Data section ▸
+++++
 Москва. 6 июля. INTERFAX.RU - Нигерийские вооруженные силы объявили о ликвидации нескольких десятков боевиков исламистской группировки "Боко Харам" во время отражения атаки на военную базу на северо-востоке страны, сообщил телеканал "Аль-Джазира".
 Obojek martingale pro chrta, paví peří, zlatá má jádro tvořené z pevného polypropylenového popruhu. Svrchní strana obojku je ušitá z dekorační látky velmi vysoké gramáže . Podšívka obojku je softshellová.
+++++
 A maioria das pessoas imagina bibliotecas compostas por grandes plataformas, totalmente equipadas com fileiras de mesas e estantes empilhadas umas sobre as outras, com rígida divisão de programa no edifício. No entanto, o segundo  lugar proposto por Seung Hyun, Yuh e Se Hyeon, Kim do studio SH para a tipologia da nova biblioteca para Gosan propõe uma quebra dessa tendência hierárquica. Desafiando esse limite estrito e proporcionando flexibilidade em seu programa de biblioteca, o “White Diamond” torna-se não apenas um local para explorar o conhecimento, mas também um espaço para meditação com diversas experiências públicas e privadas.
+++++
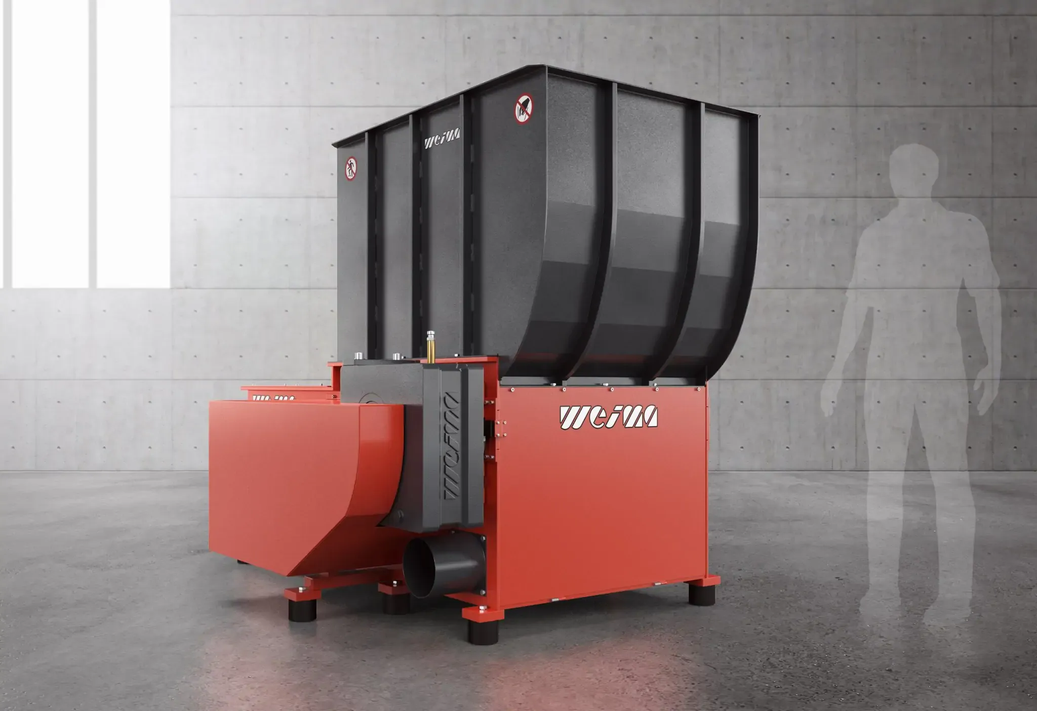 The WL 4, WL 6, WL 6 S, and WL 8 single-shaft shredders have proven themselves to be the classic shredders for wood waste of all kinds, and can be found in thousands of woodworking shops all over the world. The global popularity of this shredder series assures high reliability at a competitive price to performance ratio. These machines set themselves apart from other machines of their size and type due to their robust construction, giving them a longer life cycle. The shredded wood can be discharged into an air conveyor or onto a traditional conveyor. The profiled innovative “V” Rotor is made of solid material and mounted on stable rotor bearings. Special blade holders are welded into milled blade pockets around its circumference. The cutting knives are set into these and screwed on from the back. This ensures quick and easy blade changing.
+++++
What to work on ▸
Reprint exactly the lines above that start at the one with "Москва. 6 июля." and end at the one with "Obojek martingale pro", keeping both and adding none.

Written solution ▸
 Москва. 6 июля. INTERFAX.RU - Нигерийские вооруженные силы объявили о ликвидации нескольких десятков боевиков исламистской группировки "Боко Харам" во время отражения атаки на военную базу на северо-востоке страны, сообщил телеканал "Аль-Джазира".
 Obojek martingale pro chrta, paví peří, zlatá má jádro tvořené z pevného polypropylenového popruhu. Svrchní strana obojku je ušitá z dekorační látky velmi vysoké gramáže . Podšívka obojku je softshellová.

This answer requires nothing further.